Britânicos punem Blair por sua aliança com Bush sobre o Iraque
Por Michel Moreira
Publicada em 13 de June de 2004 às 21h12
Frederick Studemann*
Em Londres
O primeiro-ministro britânico, Tony Blair, foi castigado nesta sexta-feira (11/06) por sua política para o Iraque, quando os eleitores em eleições locais abandonaram em massa seu partido. Antes de um fim de semana em que a maior parte da Europa vai às urnas, Blair sofreu um grave golpe contra seu governo. O Partido Trabalhista ficou num terceiro lugar inédito para um partido governante e perdeu o poder em alguns de seus redutos tradicionais. Figuras importantes do governo admitiram que o partido recebeu um "pontapé".
O vice-primeiro-ministro, John Prescott, culpou a fraca atuação do partido em relação ao Iraque, que, segundo ele, superou os êxitos no campo doméstico. "O Iraque foi uma nuvem, ou mesmo uma sombra nessas eleições", ele disse ontem à rádio BBC. "Mortificado", o ministro do Interior, David Blunkett, também admitiu que "a sensação é de que o Iraque deu errado".
A aliança inabalável de Blair com os Estados Unidos sobre o Iraque o fez perder muito apoio em seu partido e lhe custou caro nas pesquisas de opinião. A ampla oposição à invasão liderada pelos Estados Unidos também contribuiu para a derrota em março do Partido Popular da Espanha, liderado por José María Aznar, um aliado de Blair e Bush.
Ontem à noite, Blair tentou estabilizar o Partido Trabalhista, declarando que os resultados da eleição não têm implicações para as próximas eleições gerais. Falando em Washington, o primeiro-ministro disse: "O que temos de fazer é segurar os nervos e esperar passar. É claro que é um tempo difícil, e essas coisas acontecem com os governos. Mas os compromissos básicos que fizemos estamos mantendo".

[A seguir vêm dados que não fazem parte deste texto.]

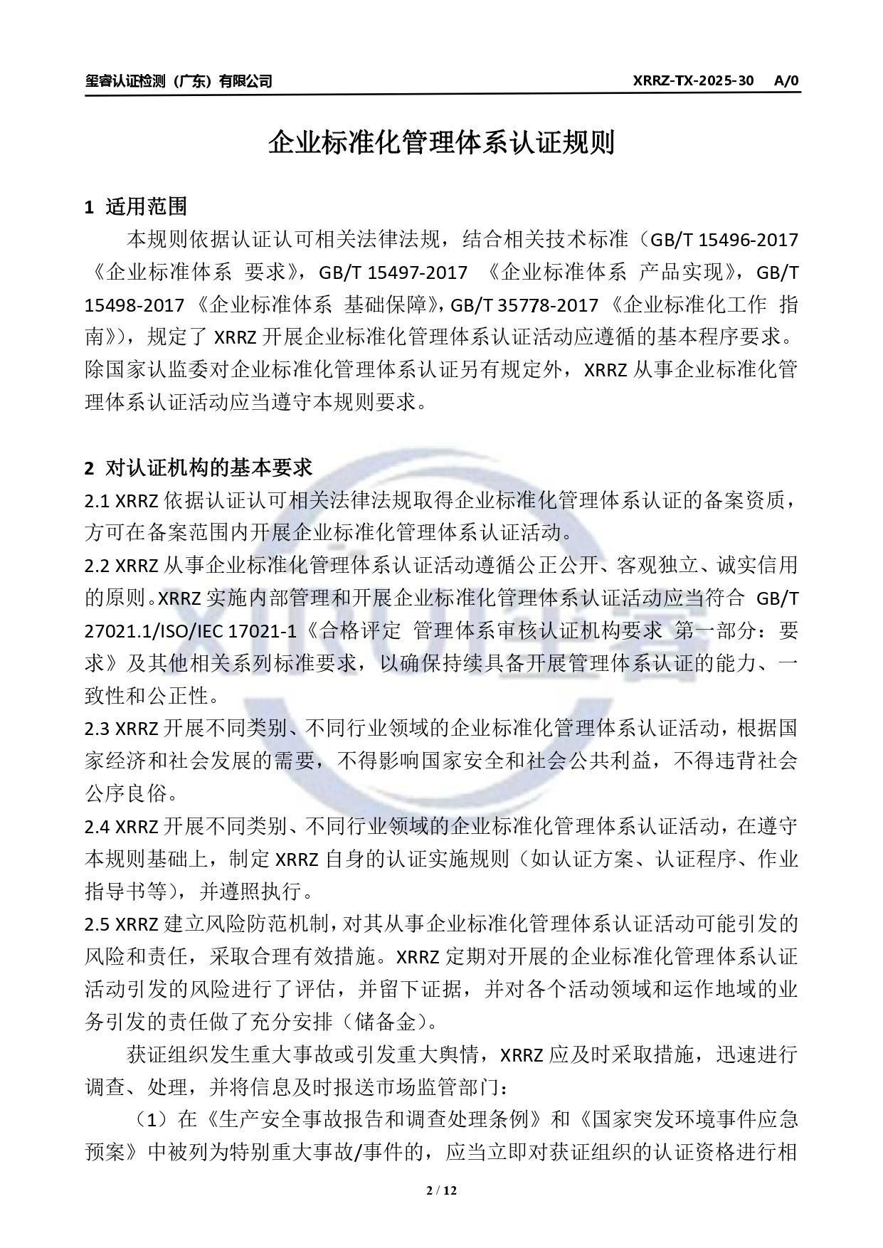 企业标准化管理体系认证规则公示
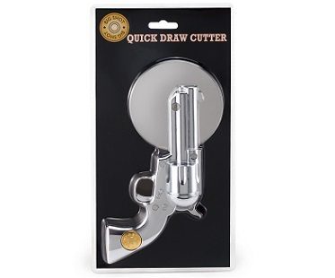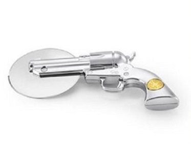 Make takeout night more fun with this gun pizza cutter! The sharp, stainless steel blade will glide through slicing your pizza so you can quickly get to eating it! A must-have gadget for pizza lovers!
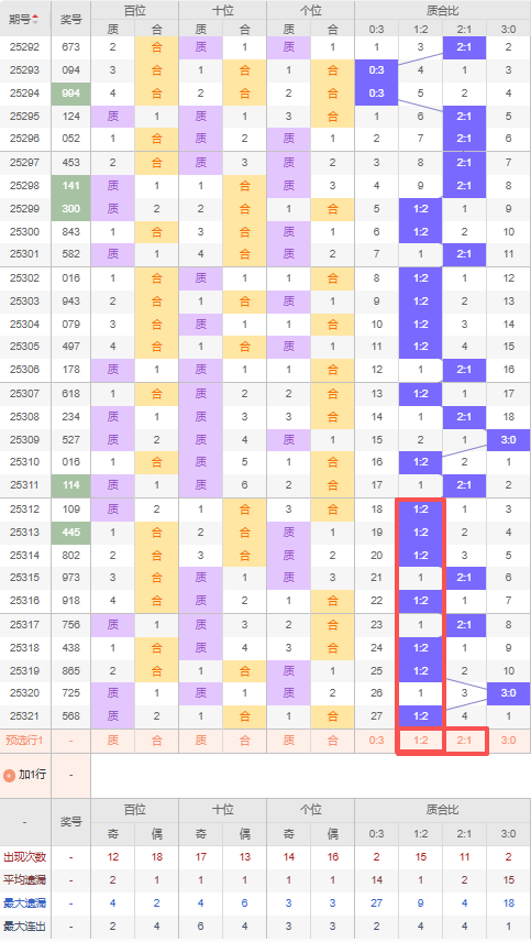 上期质合比:1:2,近10期质合比出现情况:1:2、1:2、1:2、2:1、1:2、2:1、1:2、1:2、3:0、1:2,最近10期出现2期2:1,出现7期1:2,出现0期0:3,出现1期3:0,根据近10期规律本期推荐连出1:2,防遗漏4期出2:1,综上所述质合比推荐:防:2:1,重点关注:1:2。

Também parecia haver um elemento anti-poder na eleição no Reino Unido, já que nenhum partido isolado lucrou às custas do Trabalhista. Os votos pareciam ir para qualquer grupo de oposição ou marginal melhor posicionado para derrotá-los.

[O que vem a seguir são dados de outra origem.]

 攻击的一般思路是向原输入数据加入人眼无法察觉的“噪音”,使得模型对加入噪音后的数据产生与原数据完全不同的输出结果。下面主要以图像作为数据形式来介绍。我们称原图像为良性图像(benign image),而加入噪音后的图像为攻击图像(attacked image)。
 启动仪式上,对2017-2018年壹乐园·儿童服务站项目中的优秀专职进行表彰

Com cerca de dois terços dos votos contados, o Partido Trabalhista havia conseguido estimados 26%, atrás dos conservadores da oposição, com 38%, e dos liberal-democratas com 30%. As perdas dos trabalhistas incluíam as cidades de Leeds e Newcastle, no norte do país, e Cardiff, a capital do País de Gales.
O partido enfrenta a perspectiva de mais notícias negativas amanhã, quando forem anunciados os resultados das eleições para o Parlamento Europeu.
Em uma reviravolta notável para um político cuja popularidade foi durante anos um dos maiores trunfos de seu partido, Blair disse recentemente que estaria preparado para renunciar caso se tornasse uma desvantagem. Perguntado ontem à noite se os resultados tinham implicações para sua liderança, Blair disse: "Me dá vontade de esperar isso passar".
Mas enquanto os fracos resultados desta semana vão intensificar a pressão sobre a liderança de Blair, o Partido Trabalhista continua o favorito para ganhar a próxima eleição geral, que deverá se realizar no ano que vem.
Os trabalhistas sofreram uma derrota nas eleições locais em 2000, quando os conservadores obtiveram cerca de 38%. Mas Blair conseguiu uma vitória arrasadora na eleição geral no ano seguinte.
Em Londres houve uma boa notícia para os trabalhistas, onde Ken Livingstone, o candidato do partido para prefeito, voltou ao cargo.
*Com reportagem adicional de James Blitz, em Washington.